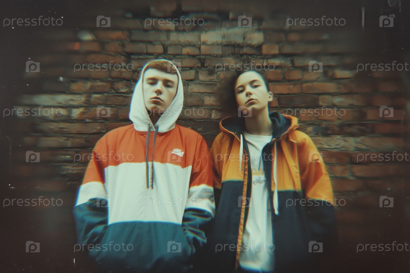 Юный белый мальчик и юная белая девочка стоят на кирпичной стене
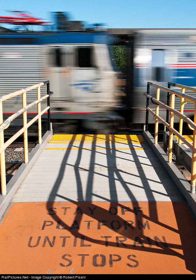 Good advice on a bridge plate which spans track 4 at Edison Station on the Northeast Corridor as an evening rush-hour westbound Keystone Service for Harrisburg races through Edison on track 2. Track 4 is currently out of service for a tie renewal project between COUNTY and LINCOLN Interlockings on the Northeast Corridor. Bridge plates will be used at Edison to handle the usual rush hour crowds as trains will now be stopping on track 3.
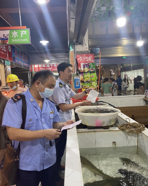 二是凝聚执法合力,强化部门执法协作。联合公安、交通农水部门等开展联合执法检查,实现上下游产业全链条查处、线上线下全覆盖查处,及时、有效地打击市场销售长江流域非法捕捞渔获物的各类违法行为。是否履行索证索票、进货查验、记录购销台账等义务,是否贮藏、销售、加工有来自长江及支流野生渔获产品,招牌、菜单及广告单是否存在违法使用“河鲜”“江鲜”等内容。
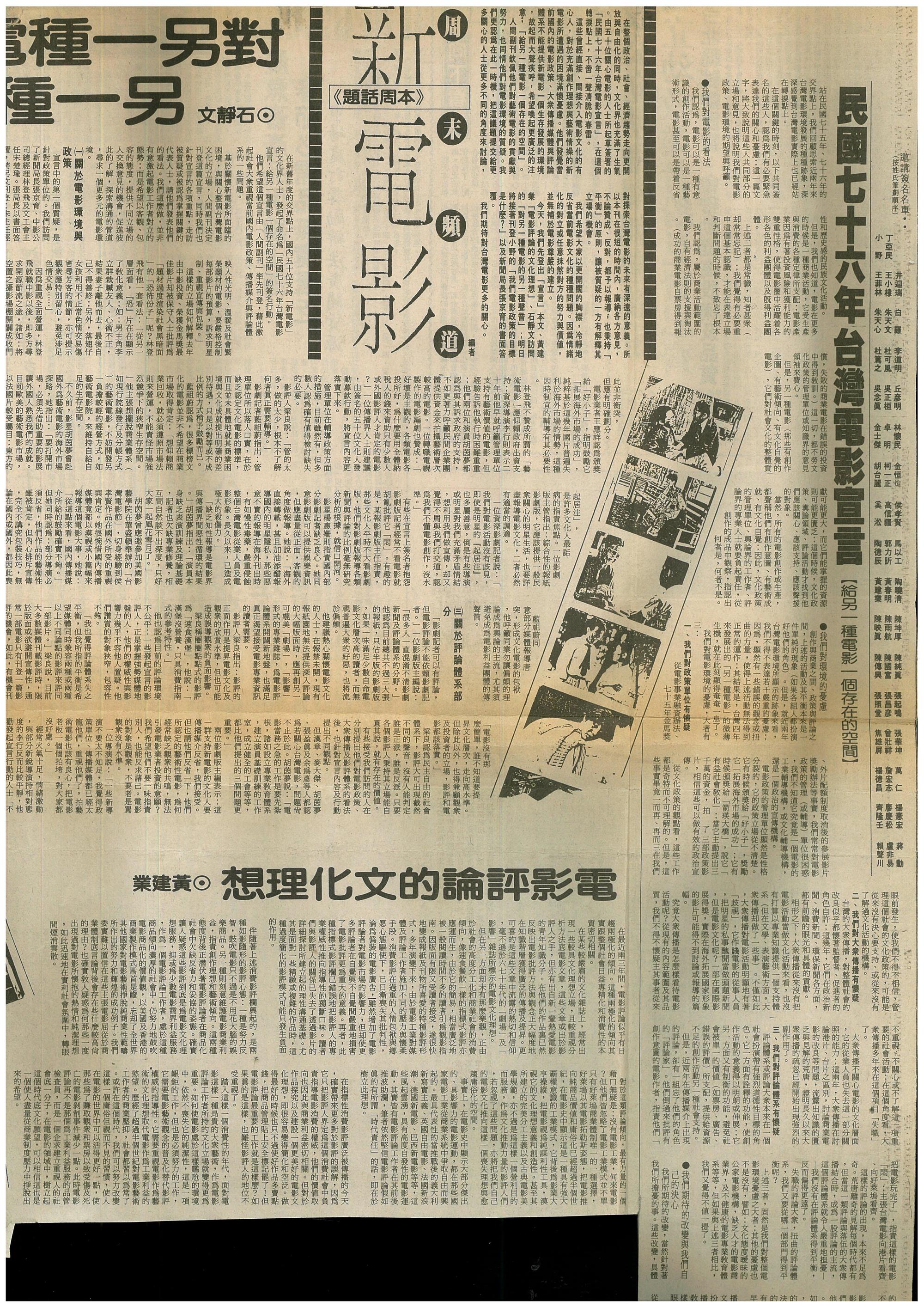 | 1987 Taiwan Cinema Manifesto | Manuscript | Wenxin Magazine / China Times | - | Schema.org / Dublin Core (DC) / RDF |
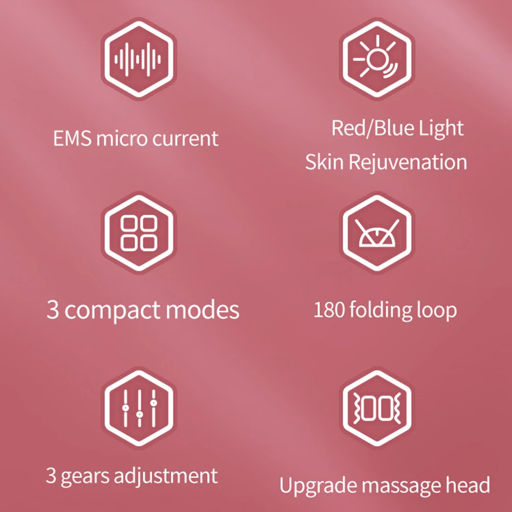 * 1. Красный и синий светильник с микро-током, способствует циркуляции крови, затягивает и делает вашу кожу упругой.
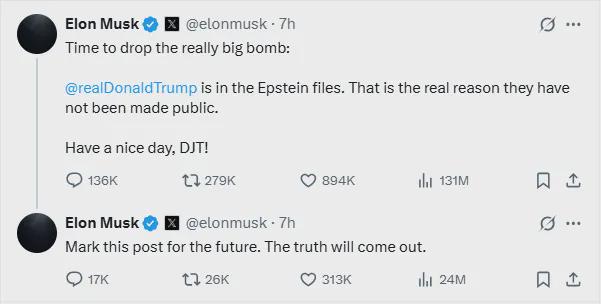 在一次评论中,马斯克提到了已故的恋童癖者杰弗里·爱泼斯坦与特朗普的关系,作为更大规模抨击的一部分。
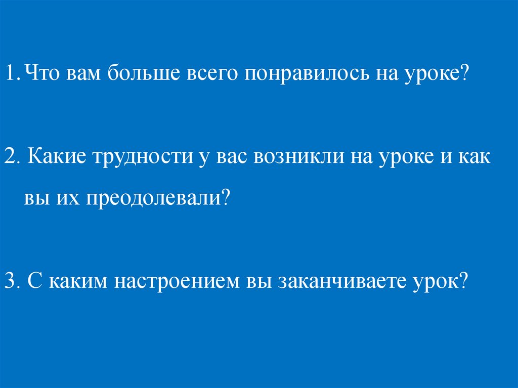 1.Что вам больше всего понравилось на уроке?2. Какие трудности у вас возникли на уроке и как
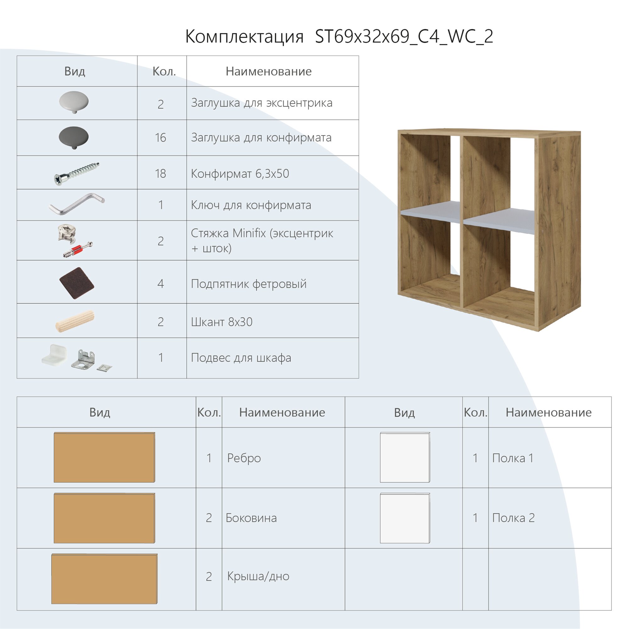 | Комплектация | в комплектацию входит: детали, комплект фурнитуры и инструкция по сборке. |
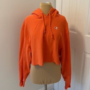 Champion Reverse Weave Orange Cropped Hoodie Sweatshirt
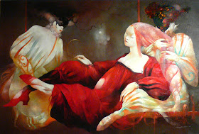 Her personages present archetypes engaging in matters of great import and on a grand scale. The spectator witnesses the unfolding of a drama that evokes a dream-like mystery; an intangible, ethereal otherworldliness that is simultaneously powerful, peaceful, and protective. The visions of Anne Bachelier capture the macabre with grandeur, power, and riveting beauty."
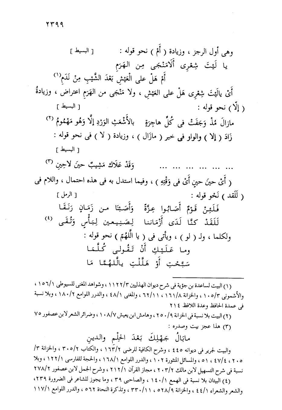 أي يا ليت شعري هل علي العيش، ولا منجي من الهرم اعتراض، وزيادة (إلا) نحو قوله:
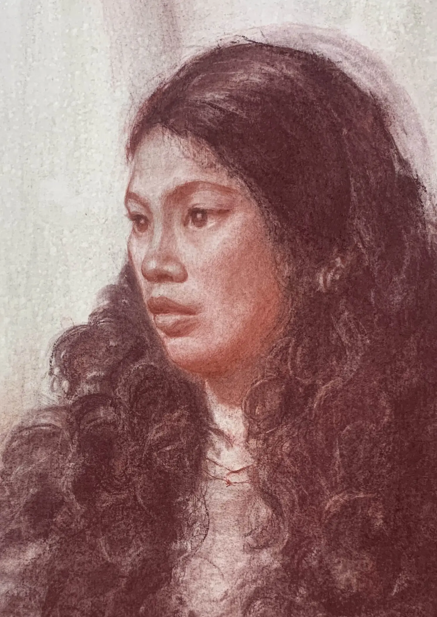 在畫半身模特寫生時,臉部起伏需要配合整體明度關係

□ □ □

Problem description: Starting at the line that contains "(DC) / RDF |", transcribe each line through the last one of the entries above, exactly and without pictures.

Expected answer:
 | 1987 Taiwan Cinema Manifesto | Manuscript | Wenxin Magazine / China Times | - | Schema.org / Dublin Core (DC) / RDF |
 * 1. Красный и синий светильник с микро-током, способствует циркуляции крови, затягивает и делает вашу кожу упругой.
 在一次评论中,马斯克提到了已故的恋童癖者杰弗里·爱泼斯坦与特朗普的关系,作为更大规模抨击的一部分。
 1.Что вам больше всего понравилось на уроке?2. Какие трудности у вас возникли на уроке и как
 | Комплектация | в комплектацию входит: детали, комплект фурнитуры и инструкция по сборке. |
 Champion Reverse Weave Orange Cropped Hoodie Sweatshirt
 Her personages present archetypes engaging in matters of great import and on a grand scale. The spectator witnesses the unfolding of a drama that evokes a dream-like mystery; an intangible, ethereal otherworldliness that is simultaneously powerful, peaceful, and protective. The visions of Anne Bachelier capture the macabre with grandeur, power, and riveting beauty."
 أي يا ليت شعري هل علي العيش، ولا منجي من الهرم اعتراض، وزيادة (إلا) نحو قوله:
 在畫半身模特寫生時,臉部起伏需要配合整體明度關係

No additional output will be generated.